X_multRepl <- multRepl(X,label=0,dl=rep(1,6))

# Multiple limits of detection by component
mdl <- matrix(0,ncol=6,nrow=10)
mdl[2,] <- rep(1,6)
mdl[4,] <- rep(0.75,6)
mdl[6,] <- rep(0.5,6)
mdl[8,] <- rep(0.5,6)
mdl[10,] <- c(0,0,1,0,0.8,0.7)

X_multRepl2 <- multRepl(X,label=0,dl=mdl)

# Non-closed compositional data set
data(LPdata) # data (ppm/micrograms per gram)
dl <- c(2,1,0,0,2,0,6,1,0.6,1,1,0,0,632,10) # limits of detection (0 for no limit)
LPdata_multRepl <- multRepl(LPdata,label=0,dl=dl)

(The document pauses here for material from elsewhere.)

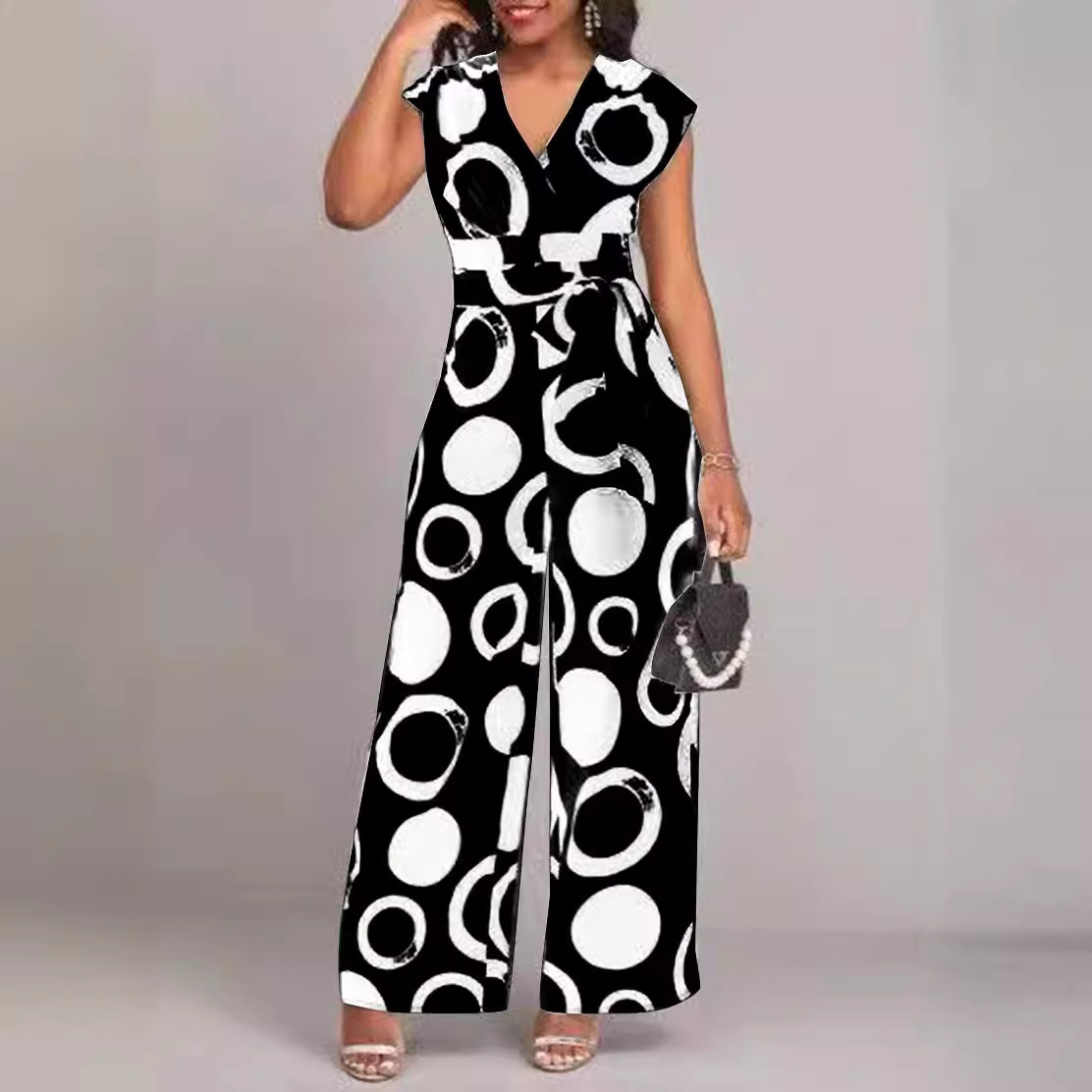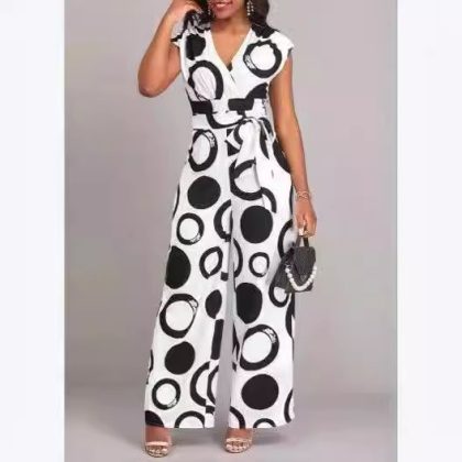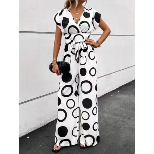 | nameOriginal | 2024 Cross-border European and American New Amazon Fashion Elegant Casual V-neck High Waist Printed Wide Leg Belt Pants |

# Two subsets of limits of detection
data(LPdata)
dl <- c(2,1,0,0,2,0,6,1,0.6,1,1,0,0,632,10) # limits of detection (0 for no limit)
 # DLs for first 50 samples of LPdata
dl1 <- matrix(rep(1,50),ncol=1)%*%dl
 # DLs for last 46 samples of LPdata
dl2 <- matrix(rep(1,46),ncol=1)%*%c(1,0.5,0,0,2.5,0,5.5,0.75,0.3,1.5,1,0,0,600,8) 

mdl <- rbind(dl1,dl2)
LPdata_multRepl2 <- multRepl(LPdata,label=0,dl=mdl)

# Data set with missing values closed to 100 (percentages)
X <- matrix(c(10.47,8.58,59.72,19.30,1.93,
              12.13,7.44,62.87,16.37,1.19,
                 NA,7.30,75.91,16.79,NA,
               9.77,7.80,65.68,14.78,1.97,
              10.79,9.55,65.87,12.41,1.38,
              14.54,8.18,64.55,12.73,NA,
              12.28,7.58,66.01,12.93,1.20,
              28.09,22.92,NA,40.11,8.88,
               7.02,6.30,75.65,11.03,NA),byrow=TRUE,ncol=5)
              
X_multReplMiss <- multRepl(X,label=NA,imp.missing=TRUE)

# Non-closed compositional data set
data(LPdata) # (in ppm units)
# Treating zeros as missing data for illustration purposes only
LPdata_multReplMiss <- multRepl(LPdata,label=0,imp.missing=TRUE)
# Negative values generated (see e.g. K and Rb in sample #60)

# Workaround: use residual part to fill up the gap to 10^6 for imputation
LPdata_multReplMiss2 <- multRepl(LPdata,label=0,imp.missing=TRUE,closure=10^6)




zCompositions documentation built on June 22, 2024, 9:46 a.m.